The growth of the Internet and improvements in the computer field have increased the scope of geometric algebra. A series of conferences have taken place to highlight the applications of geometric algebra. One such conference--Applications of Geometric Algebra in Computer Science and Engineering (AGACSE)--took place in 1999, 2001, and 2008.
This book is a result of the edited proceedings of the 2008 conference. It contains many advanced ideas from mathematics, physics, and computer science, and is meant to serve as a reference book on geometric algebra and its applications. It includes contributions by experts from around the globe.
The book consists of seven parts. The first part serves as an introduction to geometric algebra. It presents screw theory in terms of geometric algebra; a tutorial on representing Euclidean motions by means of geometric algebra; and the benefits of geometric algebra for engineering graphics. It also describes conformal transformations in terms of geometric algebra.
The second part of the book discusses numerous applications of Clifford-Fourier transforms. It briefly mentions color image processing applications and the use of Hilbert transforms in Clifford analysis.
The focus of the third part is on image processing, wavelets, and neural computing. The authors also discuss applications to contour and surface reconstruction, pattern classification, and spatial patterns, spotlighting new applications of quaternion wavelet transforms.
In the fourth part, the authors cover computer vision, focusing on motion estimation and visual self-localization. The fifth part looks at conformal mapping and fluid analysis, and also studies fluid flow problems by means of quaternion analysis.
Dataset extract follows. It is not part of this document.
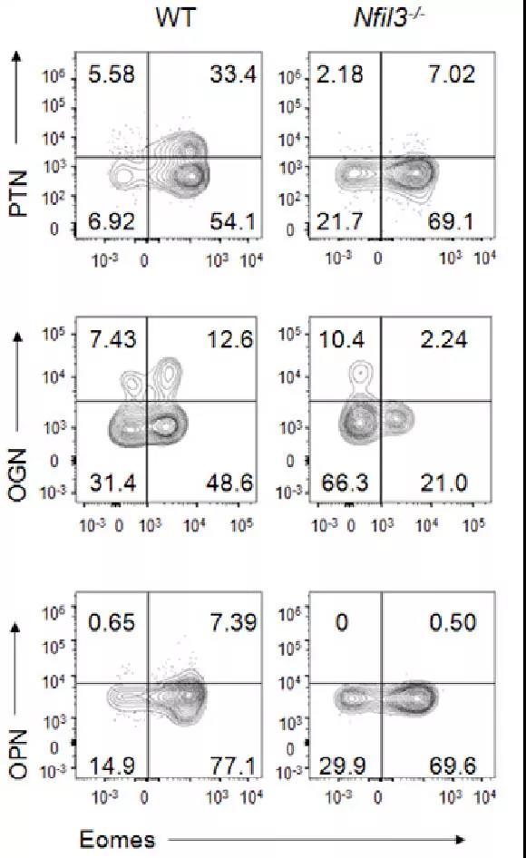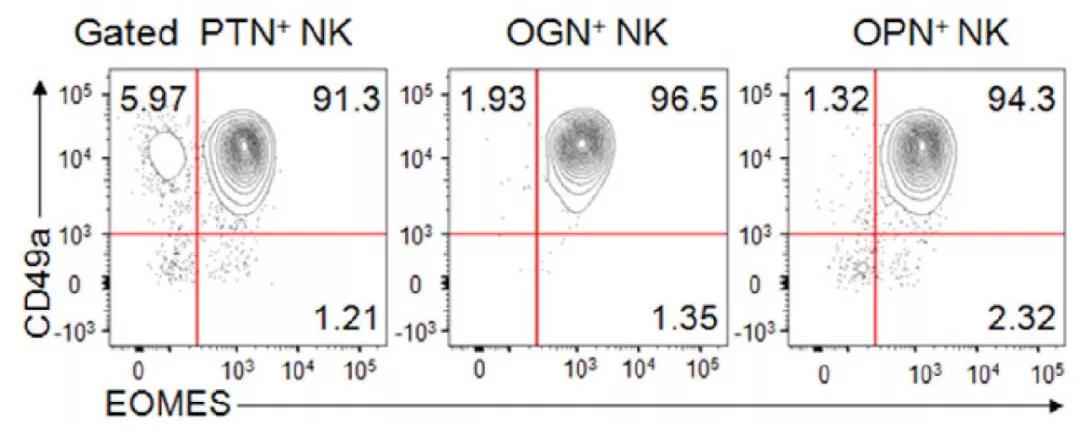 图1 人体内存在可分泌PTN、OGN、OPN的CD49a+Eomes+NK细胞亚群

Part 6 looks at geometric algebra applications for crystallography and holography.
Finally, the seventh part looks at efficient computation using Clifford algebras. Here, the authors examine efficient algorithms and high-performance parallel computing applications. This part ends with a discussion of Gröbner bases in robotics and engineering.
The book includes numerous color illustrations, and the chapters end with references to the literature. I must add, however, that the book is mathematically very terse and not for the fainthearted.
Geometric algebra is a very practically oriented subject. Plenty of free software is readily available for enthusiasts who want to experiment.
This book should be treasured for presenting various geometric algebra applications in several areas--in addition to physics. Readers should use it alongside other books, such as those referenced [1,2,3,4]. It will be useful to physicists, computer scientists, and engineers. On the whole, this is a very useful book.